Initially /kernel/drv/e1000g.conf contained the following:

root@server21# cat /kernel/drv/e1000g.conf 
# Driver.conf file for Intel e1000g Gigabit Ethernet Adapter
MaxFrameSize=0,0,3,0,3,0,0,0,0,0,0,0,0,0,0,0;
        # 0 is for normal ethernet frames.
        # 1 is for upto 4k size frames.
        # 2 is for upto 8k size frames.
        # 3 is for upto 16k size frames.
        # These are maximum frame limits, not the actual 
        # ethernet frame size. Your actual ethernet frame 
        # size would be determined by protocol stack 
        # configuration (please refer to ndd command man 
        # pages)
        # For Jumbo Frame Support (9k ethernet packet)
        # use 3 (upto 16k size frames)
In the above file, the MaxFrameSize entry is defining the maximum frame size for each interface. The first entry is for e1000g0, the next for e1000g1 etc.

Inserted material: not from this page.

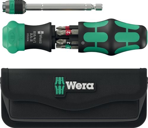 Rękojeść Kraftform z magazynkiem zintegrowanym w rękojeści na 6 bitów z trzpieniem teleskopowym do bitów 1/4". Drobnozębna grzechotka zintegrowana z rękojeścią zapewnia szybką pracę. Intuicyjna zmiana kierunku pracy: obrót pierścienia przełączającego w prawo powoduje zmianę kierunku pracy w prawo, obrót pierścienia przełączającego w lewo powoduje zmianę kierunku pracy w lewo. Mechanizm zapadkowy można zablokować w pozycji 0 dla zapewnienia precyzyjnej pracy. Chowany w rękojeści teleskopowy trzpień z uchwytem szybkowymiennym Rapidaptor umożliwia szybkie dokręcanie nawet w ograniczonych przestrzeniach, gdy trzpień jest schowany. Trzpień można wysunąć przy pomocy tulei blokującej. Narzędzie może być teraz stosowane w funkcji wkrętaka. Trzpień teleskopowy można wyjąć i zastosować jako adapter do elektronarzędzi, jak również ustawić go z powrotem w pierwotnej pozycji. Technologia Rapidaptor uchwytu do bitów zapewnia szybką wymianę narzędzia. Zestaw zawiera 6 bitów 6 BiTorsion charakteryzujących się długą żywotno

In the above example the maximum frame size is set to the default (1500) for e1000g0, e1000g1 and e1000g3. It is set to 3 (up to 16k size frames) for e1000g2 and e1000g4. However as 9216 is the absolute limit for frame sizes these devices are restricted to this MTU size.

Therefore we updated MaxFrameSize so that all entries were set to zero and rebooted the node:

MaxFrameSize=0,0,0,0,0,0,0,0,0,0,0,0,0,0,0,0;

Following this change ifconfig reported the following:

e1000g2: 
  flags=1000843<UP,BROADCAST,RUNNING,MULTICAST,
     IPv4> mtu 1500 index 3
   inet 172.16.0.1 netmask ffffff00 
   broadcast 172.16.0.255
   ether 0:c0:dd:14:7:80

So the MTU size was now set correctly to 1500

After reinstalling Grid Infrastructure on the first node (including root.sh) ifconfig reported the following:

e1000g2: 
  flags=1000843<UP,BROADCAST,RUNNING,MULTICAST,
    IPv4> mtu 1500 index 3
  inet 172.16.0.1 netmask ffffff00 
  broadcast 172.16.0.255
  ether 0:c0:dd:14:7:80
e1000g2:1: 
  flags=1000843<UP,BROADCAST,RUNNING,MULTICAST,
    IPv4> mtu 1500 index 3
  inet 169.254.248.231 netmask ffff0000 
  broadcast 169.254.255.255

So the new HAIP VIP was also now using the MTU size of 1500.

We tried running root.sh on the second node and this time it succeeded.